| AIM OF THE TASK |
Output the listing verbatim, leaving out every picture.

| SUPPLIED DATA |
--- START ---

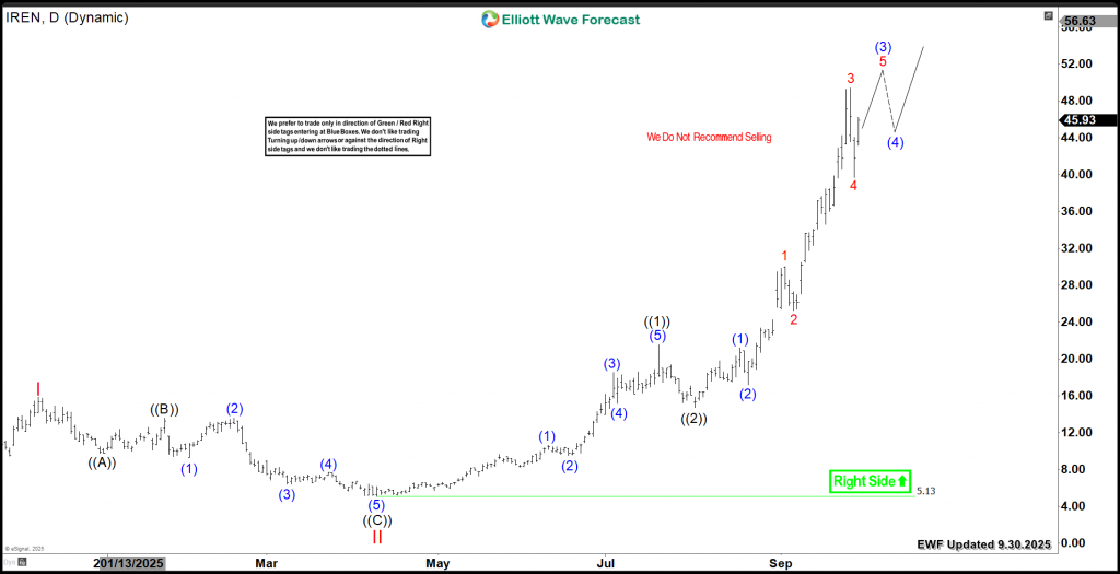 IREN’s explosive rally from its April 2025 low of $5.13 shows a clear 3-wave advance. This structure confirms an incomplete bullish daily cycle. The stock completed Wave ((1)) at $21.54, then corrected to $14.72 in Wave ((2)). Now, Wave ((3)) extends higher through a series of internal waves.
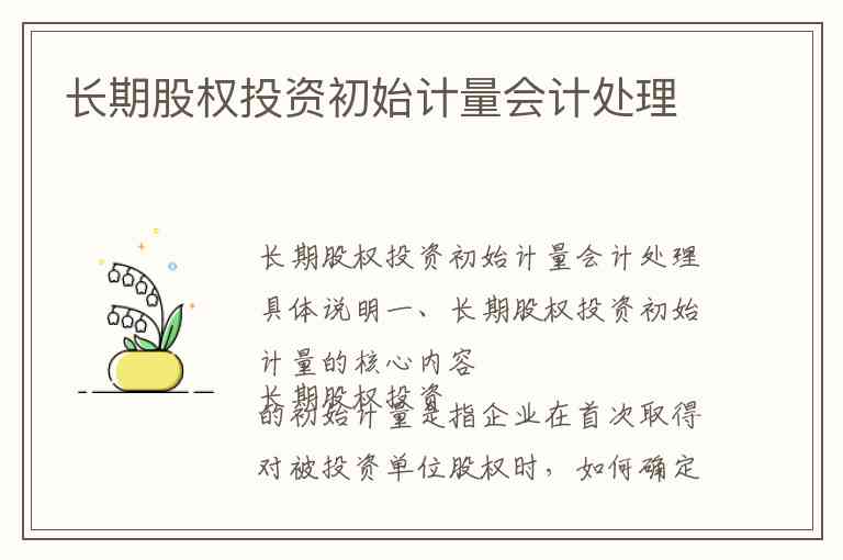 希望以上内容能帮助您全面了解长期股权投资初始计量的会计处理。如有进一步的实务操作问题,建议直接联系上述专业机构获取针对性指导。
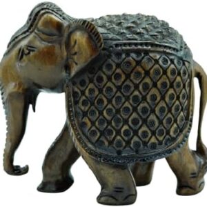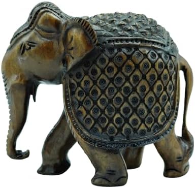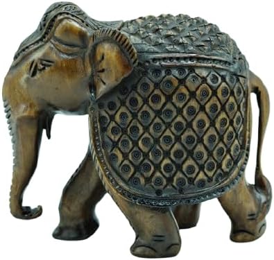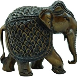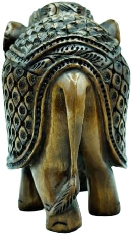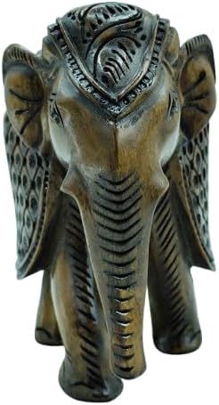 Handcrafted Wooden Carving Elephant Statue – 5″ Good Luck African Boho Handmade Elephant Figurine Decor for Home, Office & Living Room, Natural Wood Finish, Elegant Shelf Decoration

--- END ---

| OUTPUT FOR THIS TASK |
 IREN’s explosive rally from its April 2025 low of $5.13 shows a clear 3-wave advance. This structure confirms an incomplete bullish daily cycle. The stock completed Wave ((1)) at $21.54, then corrected to $14.72 in Wave ((2)). Now, Wave ((3)) extends higher through a series of internal waves.
 希望以上内容能帮助您全面了解长期股权投资初始计量的会计处理。如有进一步的实务操作问题,建议直接联系上述专业机构获取针对性指导。
 Handcrafted Wooden Carving Elephant Statue – 5″ Good Luck African Boho Handmade Elephant Figurine Decor for Home, Office & Living Room, Natural Wood Finish, Elegant Shelf Decoration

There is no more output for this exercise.